● **Work to complete**
Would you repeat the entries below exactly and omit the pictures?
───
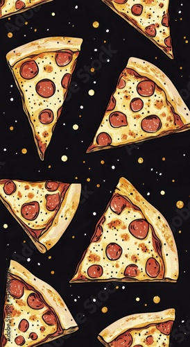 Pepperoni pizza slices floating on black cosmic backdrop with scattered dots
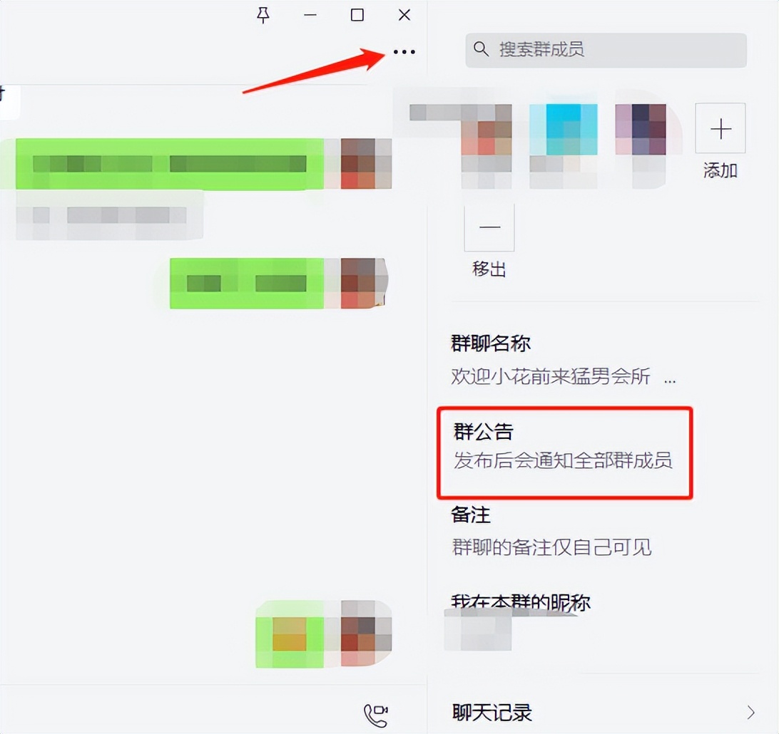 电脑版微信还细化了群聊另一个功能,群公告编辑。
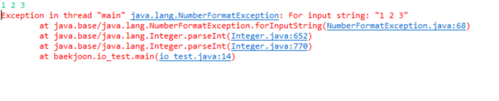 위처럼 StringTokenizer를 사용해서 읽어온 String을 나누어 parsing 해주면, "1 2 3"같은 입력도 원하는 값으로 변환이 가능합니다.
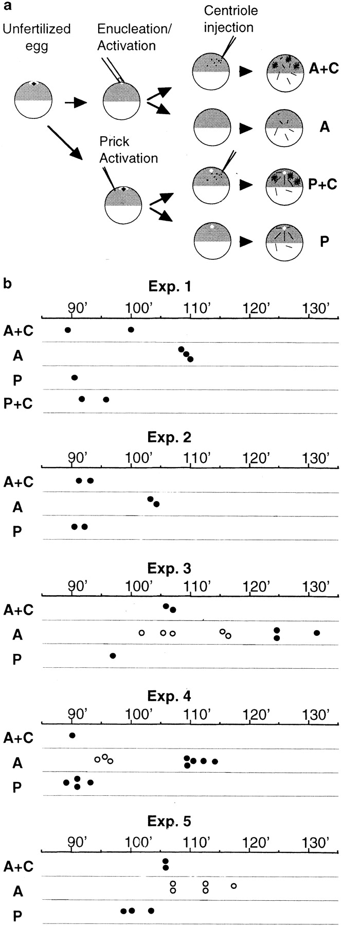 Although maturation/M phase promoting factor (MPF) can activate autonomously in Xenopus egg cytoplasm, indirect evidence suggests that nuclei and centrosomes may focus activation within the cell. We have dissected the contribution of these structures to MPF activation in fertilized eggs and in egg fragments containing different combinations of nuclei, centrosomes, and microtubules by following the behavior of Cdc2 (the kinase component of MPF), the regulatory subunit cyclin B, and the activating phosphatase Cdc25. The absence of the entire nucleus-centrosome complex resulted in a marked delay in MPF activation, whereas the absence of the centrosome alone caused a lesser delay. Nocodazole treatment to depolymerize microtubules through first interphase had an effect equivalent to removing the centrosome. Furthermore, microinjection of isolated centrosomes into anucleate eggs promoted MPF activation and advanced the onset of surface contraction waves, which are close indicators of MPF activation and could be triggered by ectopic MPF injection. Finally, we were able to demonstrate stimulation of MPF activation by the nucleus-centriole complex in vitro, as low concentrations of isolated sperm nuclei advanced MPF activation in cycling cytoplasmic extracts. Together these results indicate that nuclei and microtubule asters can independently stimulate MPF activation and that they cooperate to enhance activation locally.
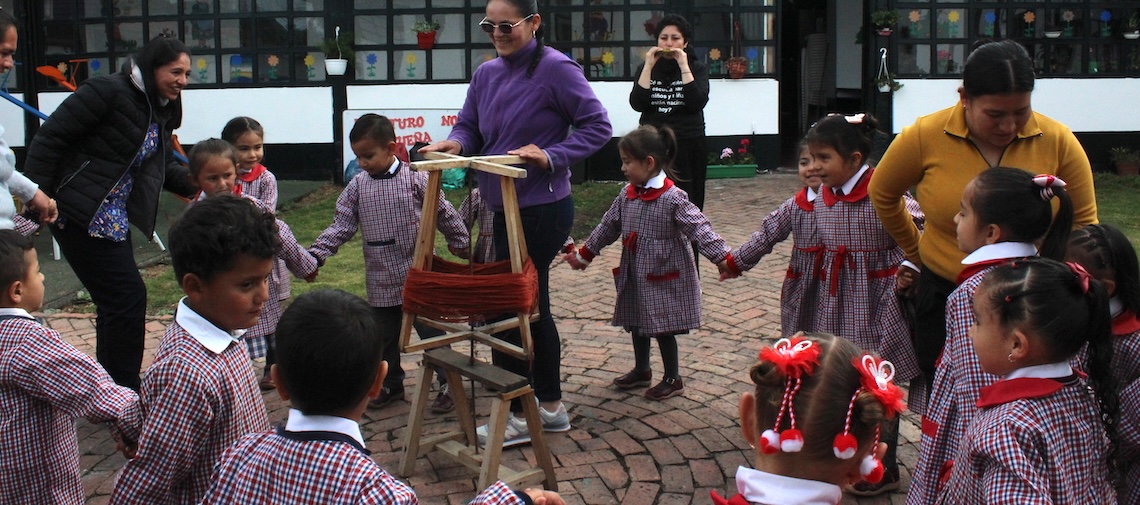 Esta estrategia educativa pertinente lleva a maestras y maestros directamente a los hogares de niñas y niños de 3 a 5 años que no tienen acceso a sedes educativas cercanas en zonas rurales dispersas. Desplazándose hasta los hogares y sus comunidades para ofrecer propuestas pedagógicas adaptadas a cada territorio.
───
● **Answer to the exercise**
 Pepperoni pizza slices floating on black cosmic backdrop with scattered dots
 电脑版微信还细化了群聊另一个功能,群公告编辑。
 위처럼 StringTokenizer를 사용해서 읽어온 String을 나누어 parsing 해주면, "1 2 3"같은 입력도 원하는 값으로 변환이 가능합니다.
 Although maturation/M phase promoting factor (MPF) can activate autonomously in Xenopus egg cytoplasm, indirect evidence suggests that nuclei and centrosomes may focus activation within the cell. We have dissected the contribution of these structures to MPF activation in fertilized eggs and in egg fragments containing different combinations of nuclei, centrosomes, and microtubules by following the behavior of Cdc2 (the kinase component of MPF), the regulatory subunit cyclin B, and the activating phosphatase Cdc25. The absence of the entire nucleus-centrosome complex resulted in a marked delay in MPF activation, whereas the absence of the centrosome alone caused a lesser delay. Nocodazole treatment to depolymerize microtubules through first interphase had an effect equivalent to removing the centrosome. Furthermore, microinjection of isolated centrosomes into anucleate eggs promoted MPF activation and advanced the onset of surface contraction waves, which are close indicators of MPF activation and could be triggered by ectopic MPF injection. Finally, we were able to demonstrate stimulation of MPF activation by the nucleus-centriole complex in vitro, as low concentrations of isolated sperm nuclei advanced MPF activation in cycling cytoplasmic extracts. Together these results indicate that nuclei and microtubule asters can independently stimulate MPF activation and that they cooperate to enhance activation locally.
 Esta estrategia educativa pertinente lleva a maestras y maestros directamente a los hogares de niñas y niños de 3 a 5 años que no tienen acceso a sedes educativas cercanas en zonas rurales dispersas. Desplazándose hasta los hogares y sus comunidades para ofrecer propuestas pedagógicas adaptadas a cada territorio.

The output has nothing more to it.